§ EXERCISE REQUIREMENTS
Please repeat exactly the lines from the one containing "Die große Garten-Terrasse" through the last line of the records, both included, and nothing else, leaving out any pictures.

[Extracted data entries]
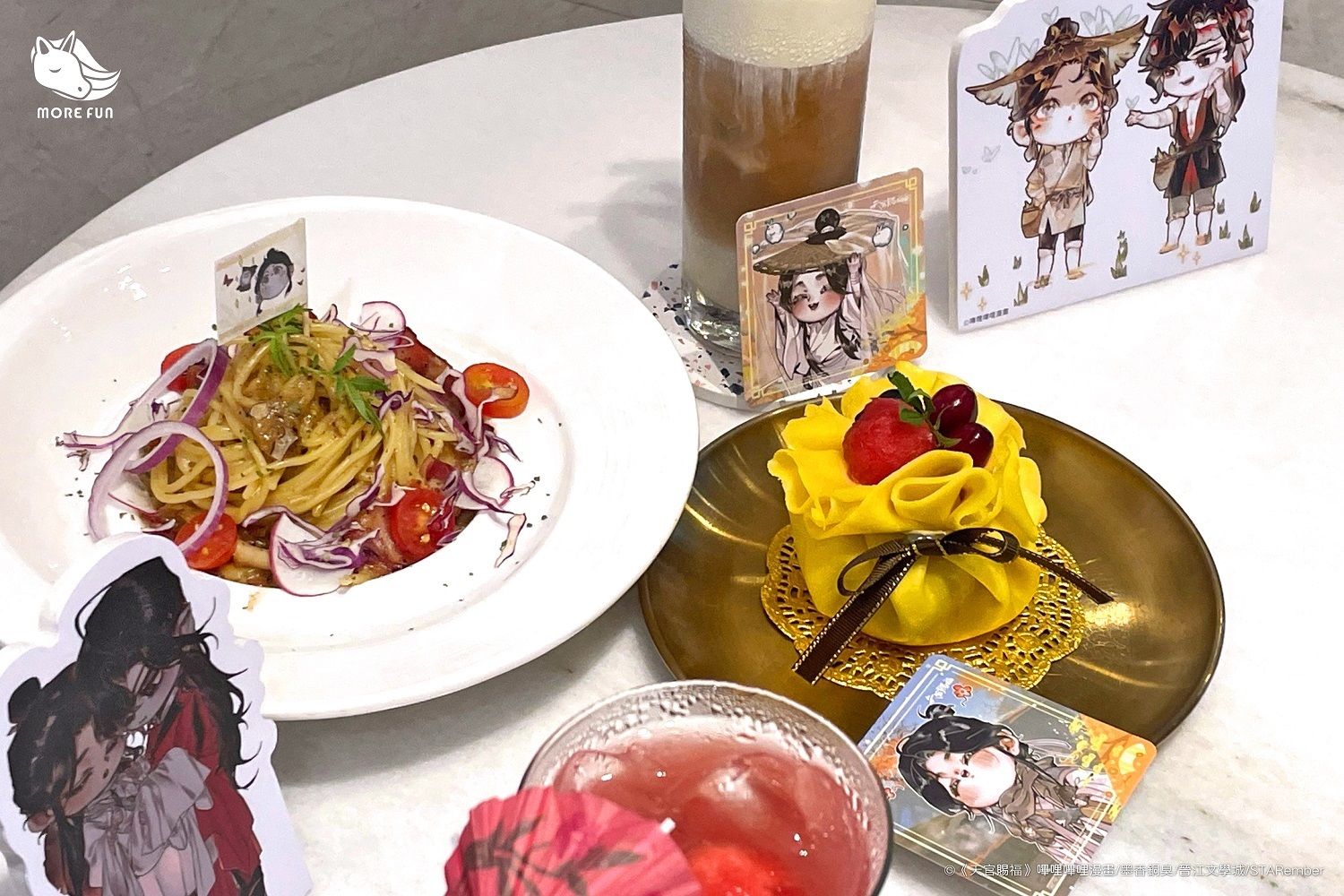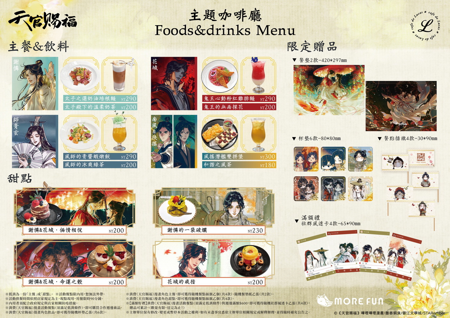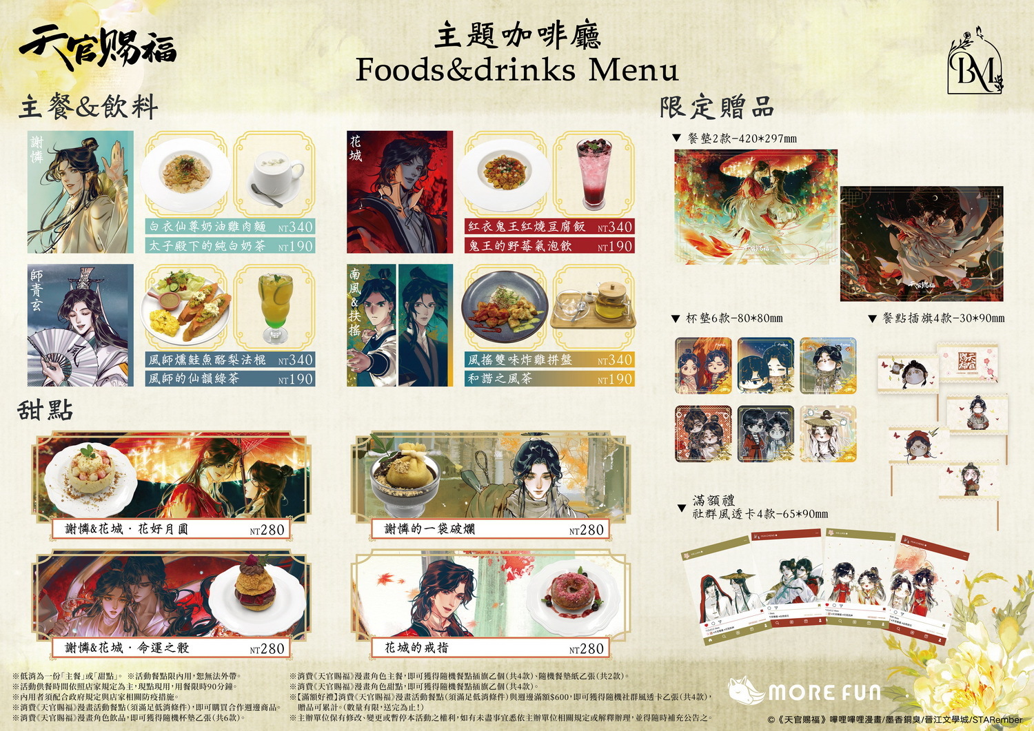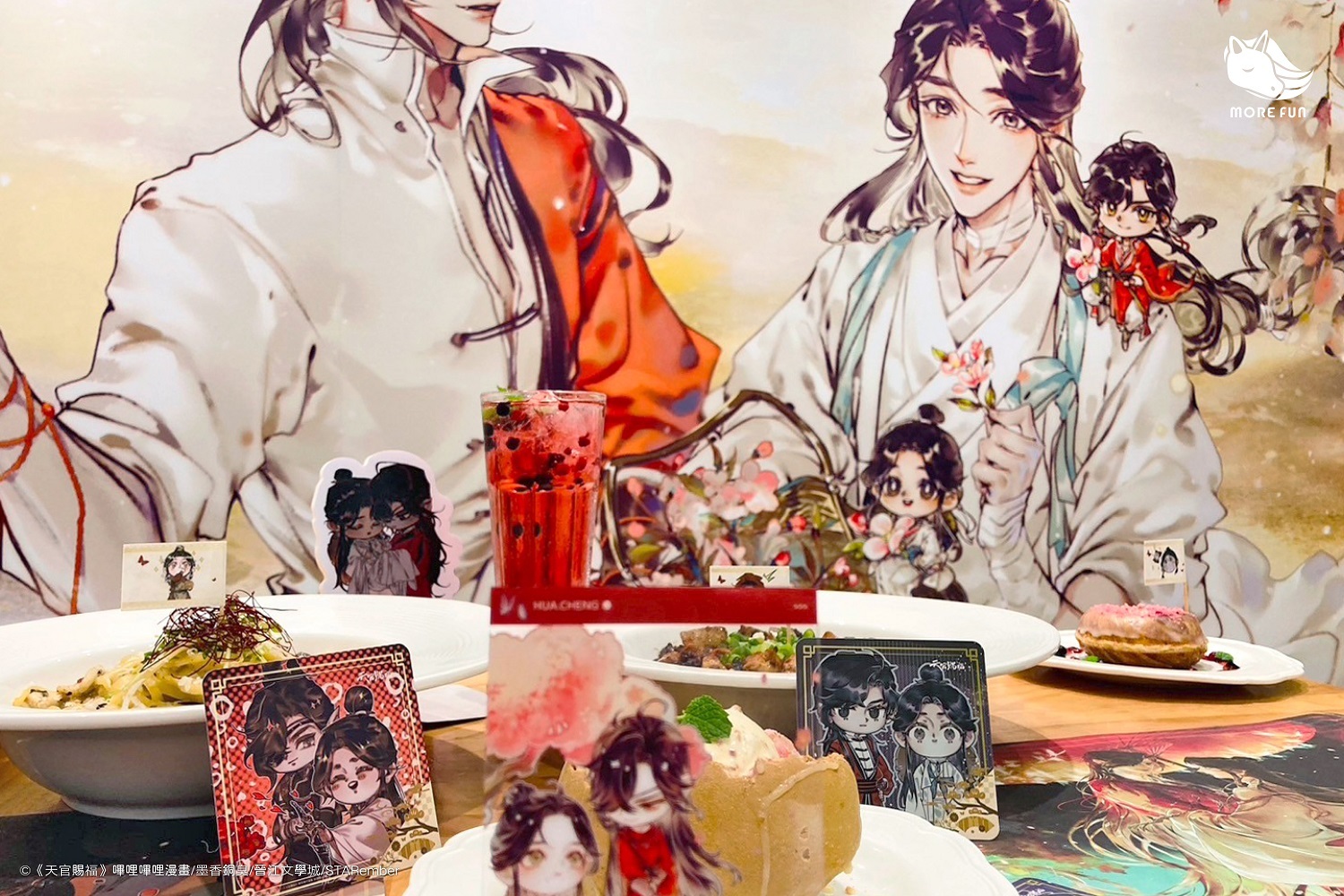 活動期間內特別推出了以「太子殿下—謝憐」、「絕境鬼王—花城」為主題的合作餐點及特色甜品,等著粉絲們來品嚐。消費指定活動餐點,隨餐附贈精美的限定餐墊、角色插旗,及角色杯墊。單筆消費合作餐點或週邊商品滿 600 元,還可獲得社群風透卡。各主題店現場的佈置也讓人宛如置身於
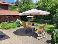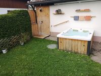 Die große Garten-Terrasse mit Esstisch, großem Sonnenschirm und Bestuhlung bis sechs Personen, laden zum Grillen und zum gemütlichen Beisammensein ein. Eine Feuerstelle für kühle Abende sowie ein Grill sind vorhanden. Der Outdoor-Whirlpool befindet sich auf unserem Gartengrundstück und wird, nach vorheriger Absprache mit euch, auf eure Temperatur- und Nutzungszeit-Wünsche programmiert. Selbstverständlich wird auch hier eure Privatsphäre gewährt.
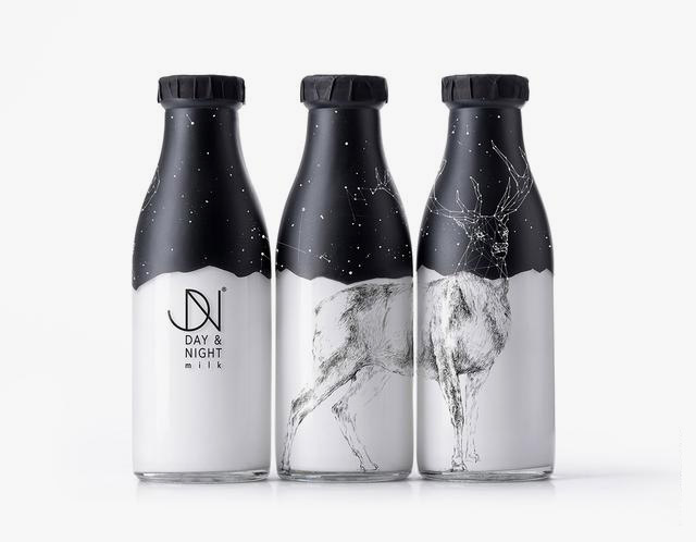 各種牛奶瓶、水杯、啤酒瓶都是黑白雙煞,整套拼合起來便是一副完整的畫面。
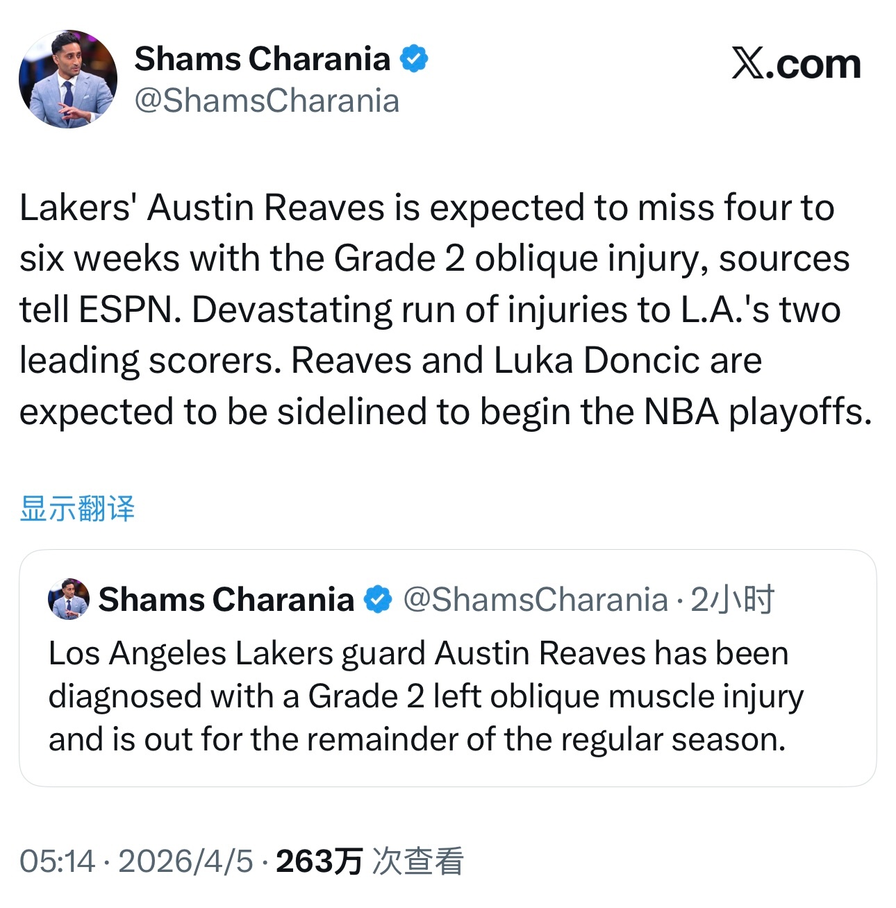 里夫斯也伤了!左侧腹斜肌二级拉伤!!缺席4-6周!!!
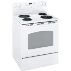 GE White Freestanding Electric Range – 4 Burner Ceramic Glass Cooktop – Automatic Shut-Off – 5-cu Ft
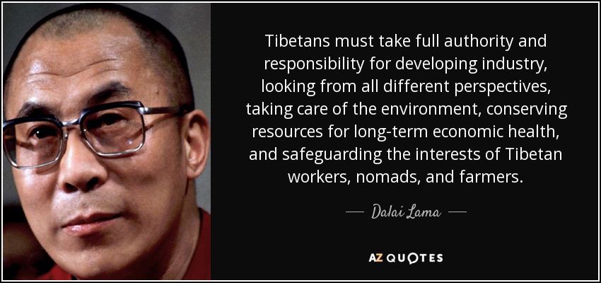 Tibetans must take full authority and responsibility for developing industry, looking from all different perspectives, taking care of the environment, conserving resources for long-term economic health, and safeguarding the interests of Tibetan workers, nomads, and farmers.
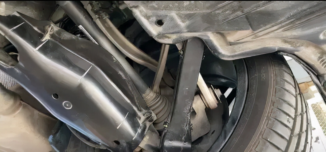 车底的铝箔板隔热层覆盖得非常到位,从车头到车尾,覆盖面积很大。在车底有不少铝合金材质的车身加强杆,起到稳固车身以及增加车身刚性的作用。
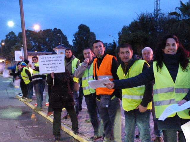 Con pitos, algunas pancartas y la entrega de octavillas en español e inglés, para hacer partícipes de la situación que atraviesan también a personal estadounidense que trabaja en el recinto militar, pasará el colectivo de empleados las mañanas de esta y la próxima semana.

§ TASK RESULT
 Die große Garten-Terrasse mit Esstisch, großem Sonnenschirm und Bestuhlung bis sechs Personen, laden zum Grillen und zum gemütlichen Beisammensein ein. Eine Feuerstelle für kühle Abende sowie ein Grill sind vorhanden. Der Outdoor-Whirlpool befindet sich auf unserem Gartengrundstück und wird, nach vorheriger Absprache mit euch, auf eure Temperatur- und Nutzungszeit-Wünsche programmiert. Selbstverständlich wird auch hier eure Privatsphäre gewährt.
 各種牛奶瓶、水杯、啤酒瓶都是黑白雙煞,整套拼合起來便是一副完整的畫面。
 里夫斯也伤了!左侧腹斜肌二级拉伤!!缺席4-6周!!!
 GE White Freestanding Electric Range – 4 Burner Ceramic Glass Cooktop – Automatic Shut-Off – 5-cu Ft
 Tibetans must take full authority and responsibility for developing industry, looking from all different perspectives, taking care of the environment, conserving resources for long-term economic health, and safeguarding the interests of Tibetan workers, nomads, and farmers.
 车底的铝箔板隔热层覆盖得非常到位,从车头到车尾,覆盖面积很大。在车底有不少铝合金材质的车身加强杆,起到稳固车身以及增加车身刚性的作用。
 Con pitos, algunas pancartas y la entrega de octavillas en español e inglés, para hacer partícipes de la situación que atraviesan también a personal estadounidense que trabaja en el recinto militar, pasará el colectivo de empleados las mañanas de esta y la próxima semana.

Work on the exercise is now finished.